On Friday, August 25th, the Food and Drug Administration (“FDA”) issued a guidance document extending the November 27, 2023 enforcement deadline for drug and device manufacturers, wholesale distributors, dispensers, and repackagers (“Trading Partners”) to begin complying with the enhanced drug distribution security requirements under the Drug Supply Chain Security Act (“DSCSA”).

Specifically, FDA indicated it does not intend to take enforcement action against Trading Partners for their noncompliance with the enhanced drug distribution security requirements until November 27, 2024, thus giving these businesses an extra year to update and implement these new systems and processes.

The “enhanced drug distribution security requirements” refer to DSCSA’s requirement for Trading Partners to:

  • Implement secure, interoperable, electronic approaches to exchange transaction information, including the use and verification of package-level product identifiers.
  • Create systems and processes to verify products at the package level.
  • Have systems and processes in place to promptly respond to government officials with the transaction information in the event of a recall or investigation of suspect or illegitimate products.
  • Be able to quickly gather transaction information for products going back to the product’s manufacturing.
  • Accept the saleable returns under appropriate conditions by being able to associate the returned product with its transaction information.

These requirements were set to go into effect this year on November 27th, but FDA has determined that additional time will be necessary to ensure Trading Partners are prepared for these requirements.

The November 2023 deadline was originally included in DSCSA when it was passed into law in 2013. Many Trading Partners are likely already prepared or nearly prepared for the enhanced drug distribution security requirements, and the guidance makes clear Trading Partners should not view this extension as a justification for delaying efforts to enter into compliance with these enhanced measures. As such, the FDA is suggesting that Trading Partners should view this extension as a grace period, rather than a new deadline for compliance.
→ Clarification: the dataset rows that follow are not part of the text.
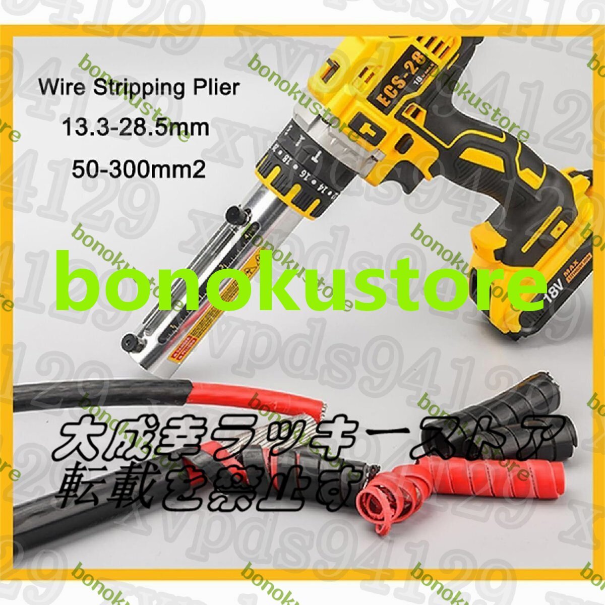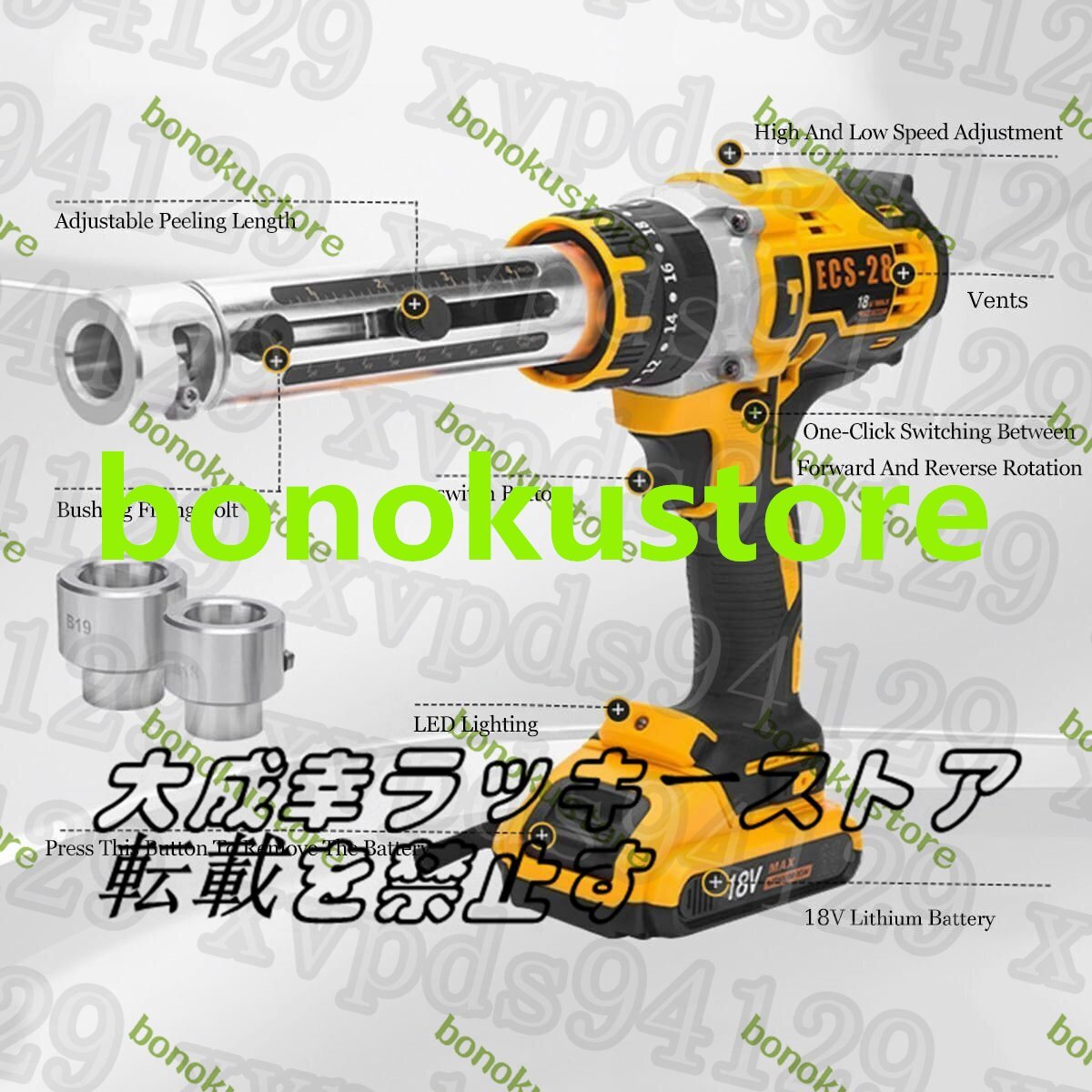 電線ストリッパー、ポータブル充電式ワイヤー皮むき機、50-300mm2、高速ワイヤーストリッパー、13.3-28.5mm、剥離深さと長さを自由に制御?特徴?ポータブル:このツールは簡単に持ち運びできるように設計されているため、さまざまな作業場所に持ち運ぶことができます。?充電式:充電式バッテリーが搭載されているため、頻繁に電池を交換する必要はありません。?ワイヤサイズ範囲: 50?300mm2の範囲のワイヤで使用するように指定されています。?ケーブル径範囲:直径13.3~28.5mmの範囲のケーブルの皮むきが可能です。?クイックストリッピング:この電線ストリッパーは、ワイヤを素早く効率的に剥くように設計されています。?説明製品名: 電線ストリッパーバッテリー: DC18V/2.0Ah リチウム電池正味重量: 1.6kg総重量:6.0kg剥離範囲:φ13.3mm~φ28.5mm(50~300mm2)?アクセサリー電線ストリッパー*1バッテリー*2充電器*1
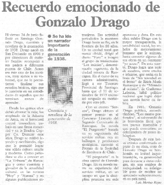 Recuerdo emocionado de Gonzalo Drago [artículo] Luis Merino Reyes.
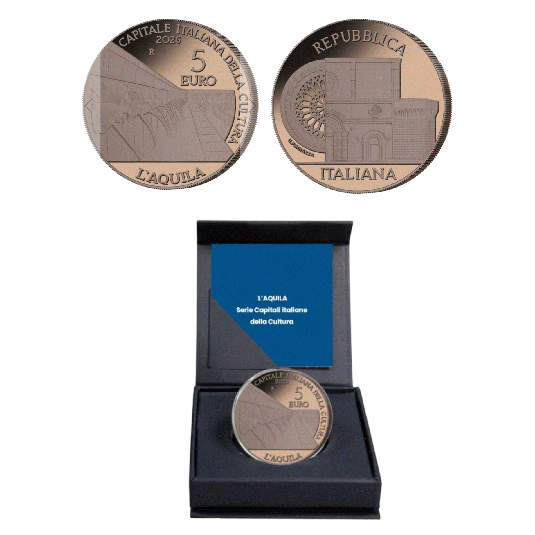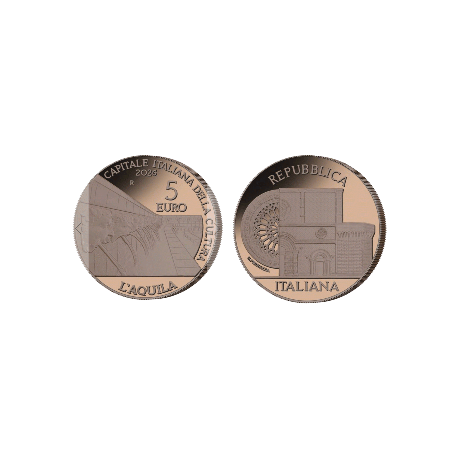 Rovescio: al centro un particolare della fontana delle novantanove cannelle. In alto, nel giro, la scritta “CAPITALE ITALIANA DELLA CULTURA”. In basso è posta la scritta “L’AQUILA”. Nel campo, in alto al centro, sono poste la “R” identificativa della Zecca di Roma, “2026”, anno di emissione della moneta ed il suo valore nominale “5 EURO”.

We remind our readers that these guidance documents do not have the same force as law, and therefore FDA could consider any unreasonable delay in preparation for these requirements a valid reason to take enforcement action against such businesses.

To the extent Trading Partners do not believe they are able to comply with these enhanced requirements, they may consider FDA’s recently-released guidance pertaining to Waivers, Exceptions, and Exemptions from these DSCSA requirements issued earlier this month. See Quarles’ coverage of that guidance document here.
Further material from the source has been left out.